EXAMPLE QUESTIONS: (answers in blue typeface)
* Write a MIPS program to add the first eight powers of 7 (e.g.,
7 + 7^2 + 7^3 + ... + 7^8)
Writing MIPS programs with decision structures in them is
easy if you first convert the program to HLL, then express
it using the dreaded go-to statement. For example, consider
the following pseudocode (not exactly C language):
int sumsevens(int n):
{ int sum, i, n ;
sum = 0 ;
for i = 0 to n-1 do:
sum := sum + 7^i ;
return(sum)
}
main(): { return(sumsevens(8)) }
All you need to do at this point is to rewrite the loop and
get rid of the function call:
int main(): {
int sum, i
i = 8 ; sum = 0 ;
L: sum = sum + 7^i
i = i - 1 ;
if i >= 0 goto L ;
X: return(sum) }
Thus, the MIPS program will be comprised of the following
rough parts (expressed in p-code):
put $0 in $s0 # sum = 0 [in $s0]
put 8 in $t0 # i = 8 [in $t0]
put 1 in $s1 # constant[in $s1]
L: put $t0 in $a0 # sum = sum + 7^i
jal to procedure pow7 # $v0 gets 7^i
add $v0 to $s0 # sum = sum + 7^i
sub 1 from $t0 # i = i - 1
slt $t2, $t0, $0 # if 0 < i
bne $t2, $s1, L # goto L
beq $t0, $0 , L # if i = 0 goto L
X: put $s0 in $v0 # return(sum)
and the procedure pow7 is given by the following p-code:
pow7($a0): {
pow = 1 ;
for j = 1 to $a0 do:
pow = pow * 7 }
Since you already know how to transform a loop and how to
use a MIPS multiplication instruction, you can fill in
the remainder from your knowledge of MIPS instructions
and the material we discussed in class.
* Write a MIPS program to compute the first 20 Fibonacci numbers
Again, the approach is to write the Fibonacci generator
in HLL, then translate it to HLL with goto and if as the
decision-related structures. For example:
Given F(1) = 1 and F(2) = 2, F(i) = F(i-1) + F(i-2) for i >2.
the core procedure is:
Fib(i) {
int i, Fib ;
if i < 1 then { printf("Error"); exit }
if i = 1 then return(1) ;
if i = 2 then return(2) ;
if i > 2 then return(Fib(i-1) + Fib(i-2)) }
You can reduce the above if statements to instances of
slt followed by bne or beq instruction (for testing i < 1
and i > 2), or simple beq for testing i = 1 and i = 2.
The method for translating a recursive procedure to MIPS
is given in Section 2.3.8.5 of the Web notes.

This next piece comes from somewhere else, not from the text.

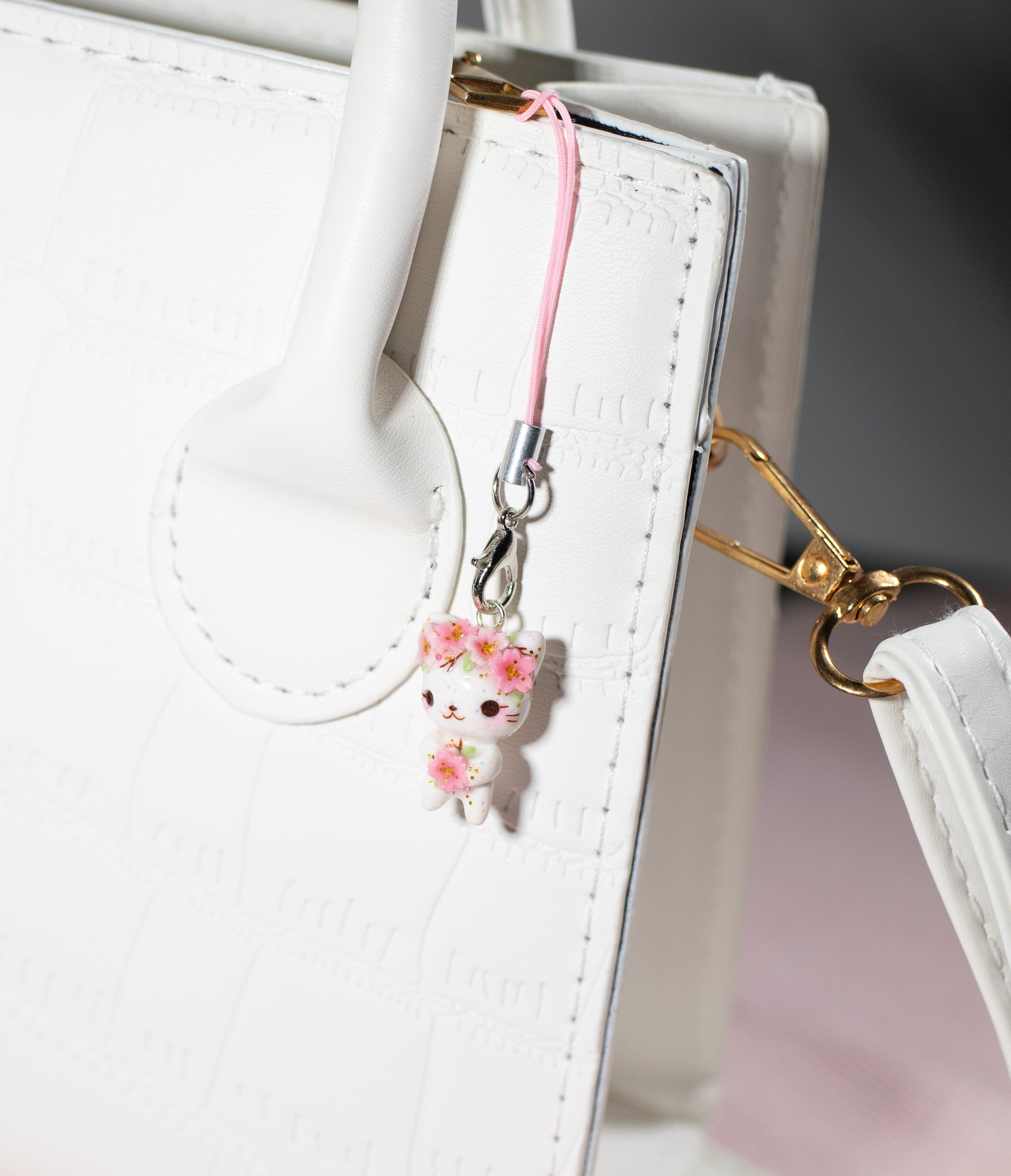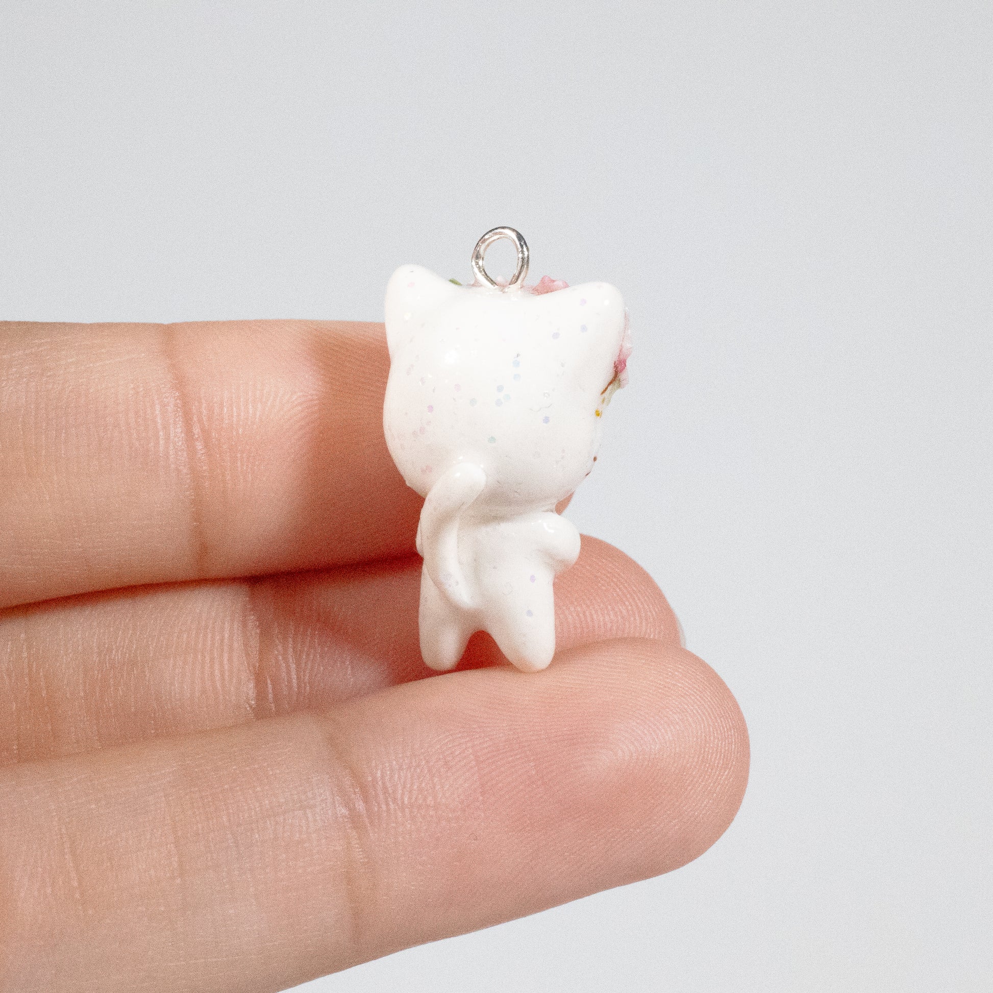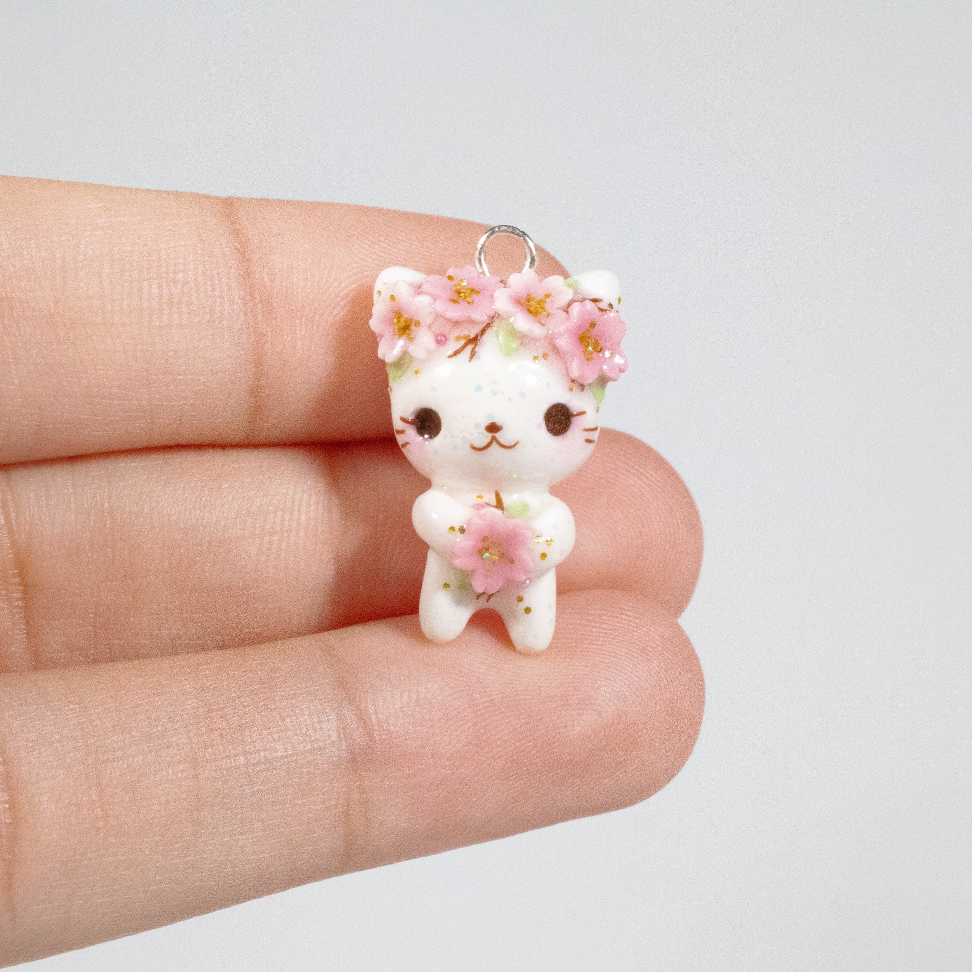 A white kitty covered in cherry blossom flowers. Chalk pastel was applied onto the pink cheeks and center of the flowers. Gold glitter was added to the middle of flowers and on the rest of the body for a little sparkly touch. The perfect size to hang from your cell phone or planner for spring time!

Once you have these building blocks, then you can construct
the MIPS code as follows:
- initialize Fib, get i from $a0
- test for i < 1 using slt and beq, with jal to printf
(you do not have to specify the "error" message
goto Exit if the test succeeds
- test for i = 1 using beq with 1 in a register
put 1 in $v0 if the test succeeds
- test for i = 2 using beq with 2 in a register
put 2 in $v0 if the test succeeds
- test for i > 2 using slt and beq
if the test succeeds, then you need to:
a) push $a0 and the current value of i on the stack
b) jump-and-link to procedure Fib as in Example
11 of Section 2.3.8.5 of the Web notes
When the recursion has fully wound up the stack, then you
can unwind the stack by popping off the items specific to
that given invocation of the procedure Fib (e.g., the args
and the value of i), then computing Fib. This technique is
shown in Example 11 (which used a factorial instead of a
Fibonacci number).
* Write a MIPS program to sum the even integers from -102 to +108.
This is an easy problem, if you realize that for any integer
i, the product 2*i will be an even integer. Thus, you can
loop from -51 to +54, as shown in the following pseudocode:
sumints() {
int i, sum
i = -51 ;
L: sum = sum + 2*i ;
i = i -1 ;
if ( i < 55 ) then goto L ;
X: return(sum) }
At this point, we can write the MIPS program using the
methods shown in the previous examples and in class.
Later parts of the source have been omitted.